═══ COLLECTED DATA

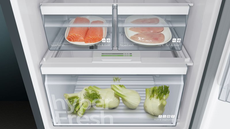 Непревзойденное качество. Холодильник с морозильной камерой Siemens обеспечит быстрое охлаждение и замораживание ваших продуктов. А премиальные материалы позволят ему служить долго и качественно. Идеальное хранение овощей и фруктов. Температура в зоне свежести HyperFresh 0 ° С ниже, чем в холодильной камере, что является оптимальным условием для хранения рыбы и мяса. LED освещение. LED-лампы ярко освещают продукты внутри холодильника, обеспечивая при этом низкое потребление электроэнергии на протяжении всего периода эксплуатации холодильника. Забудьте о разморозке навсегда. Благодаря технологии noFrost лед внутри морозильной камеры не намерзает, что избавляет вас от процедуры размораживания. Система MultiAirflow. Она равномерно распределяет температуру по всему холодильнику, обеспечивая одинаковое охлаждение продуктов на всех полках. Заморозьте продукты в миг. Предотвратить размораживание старых продуктов во время загрузки новых поможет функция superFreezing. Просто включите её за сутки до загрузки свежих продуктов. За это время температура в морозильной камере опустится до -30 градусов и тем самым предотвратит размораживание. Безопасное стекло. Легкие и крепкие: полки из закаленного стекла safetyGlass непревзойденно крепкие и легко моются. А специальные бортики гарантируют, что пролившиеся жидкости не будут протекать в другие отделения холодильника. Непревзойденная энергоэффективность. Класс энергоэффективности прибора А++ обеспечивает высокую производительность и низкое потребление энергии. Постоянная температура: функция superCooling. Вы можете использовать функцию быстрого охлаждения superCooling для быстрого снижения температуры в холодильном отделении до +2 ° C. Это предотвращает нагревание уже охлажденных продуктов. Система varioZone. Внутреннее пространство морозильных камер холодильников Siemens может подстраиваться под ваши нужды. Вы можете вынуть все контейнеры и полки, чтобы освободить место для очень больших продуктов - например, для целого лосося. Независимые контуры охлаждения. В холодильниках с двумя независимыми контурами охлаждения управление морозильной и холодильной камерами осуществляется отдельно. Поэтому при размораживании морозильной камеры вам не нужно будет выключать весь холодильник. И пока морозильная камера будет размораживаться, холодильная будет продолжать работать, и наоборот. Вместительный и элегантный. Полезный объем холодильной камеры – 279 л, что позволяет разместить множество продуктов. А морозильная камера объемом 87 л за 24 часа может заморозить до 14 кг продуктов.
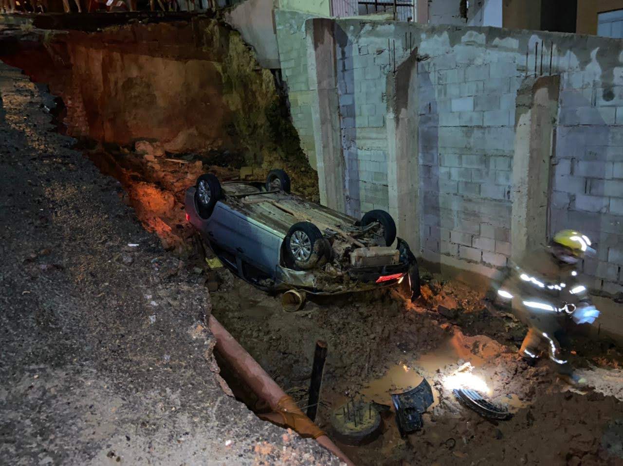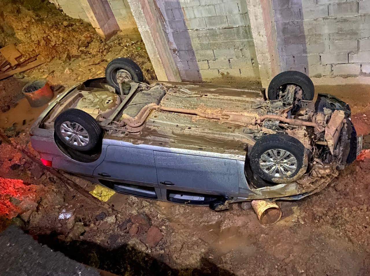 Segundo o Corpo de Bombeiros, foram acionados por volta de 19:45. O carro caiu de um barranco de uma altura de cerca de cinco metros, na obra inacabada, e capotou.
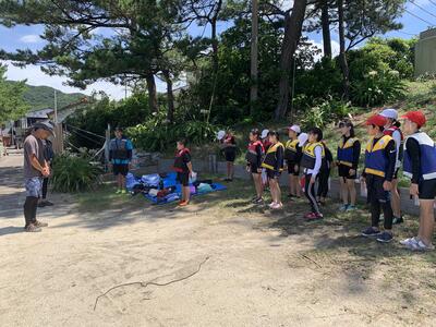 やっと梅雨も上がったかなあと思うような、晴天の中、5年生が白鶴浜でシーカヤックの体験を行いました。
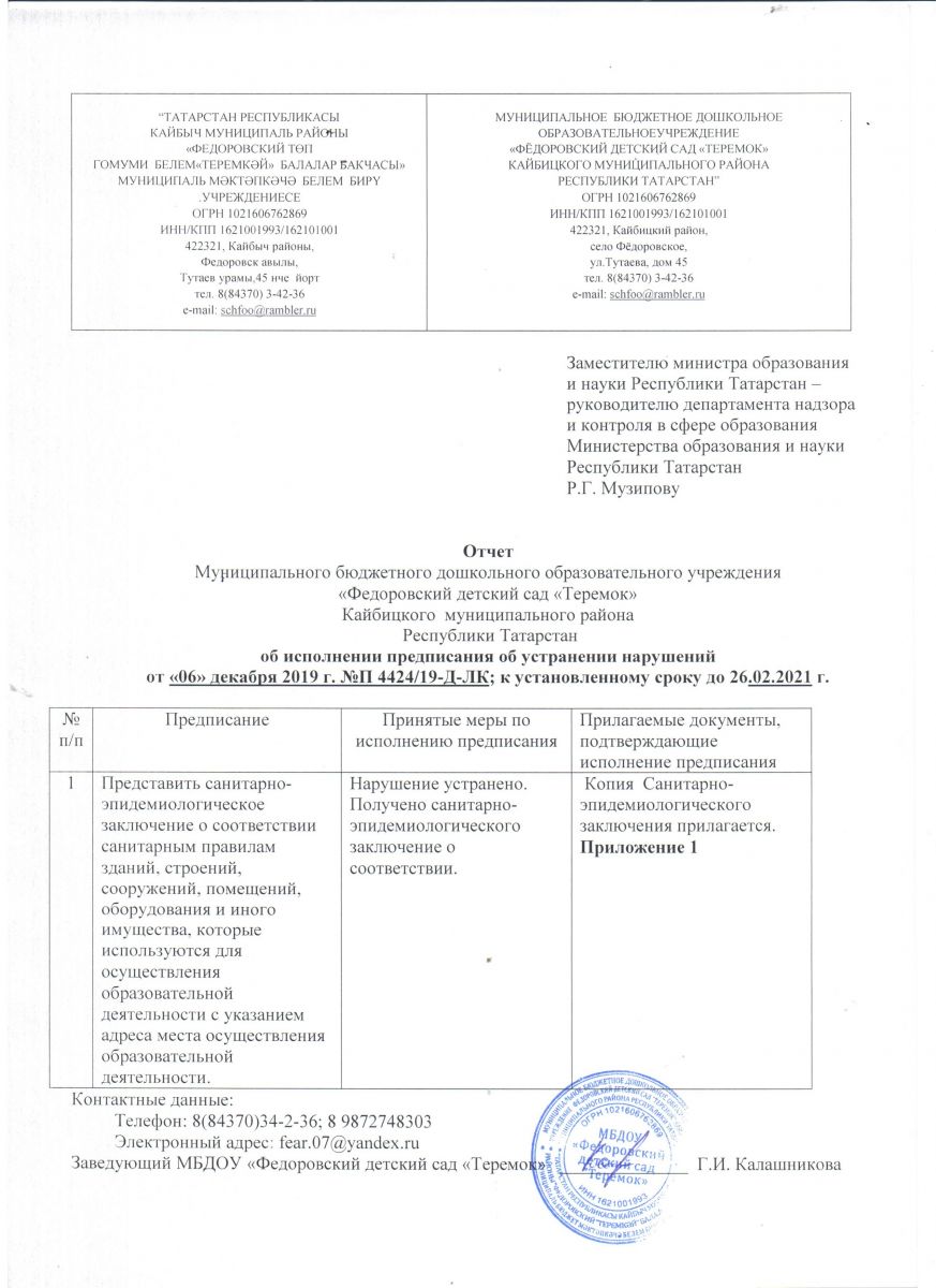 Отчет о выполнении предписания об устранении нарушений № П 4424-19-Д-ЛК

══════

WHAT TO WORK ON:
Beginning with the line that contains "Segundo o Corpo", write out the remaining lines of the listing above through the last, exactly and only those, without pictures.

TASK RESPONSE:
 Segundo o Corpo de Bombeiros, foram acionados por volta de 19:45. O carro caiu de um barranco de uma altura de cerca de cinco metros, na obra inacabada, e capotou.
 やっと梅雨も上がったかなあと思うような、晴天の中、5年生が白鶴浜でシーカヤックの体験を行いました。
 Отчет о выполнении предписания об устранении нарушений № П 4424-19-Д-ЛК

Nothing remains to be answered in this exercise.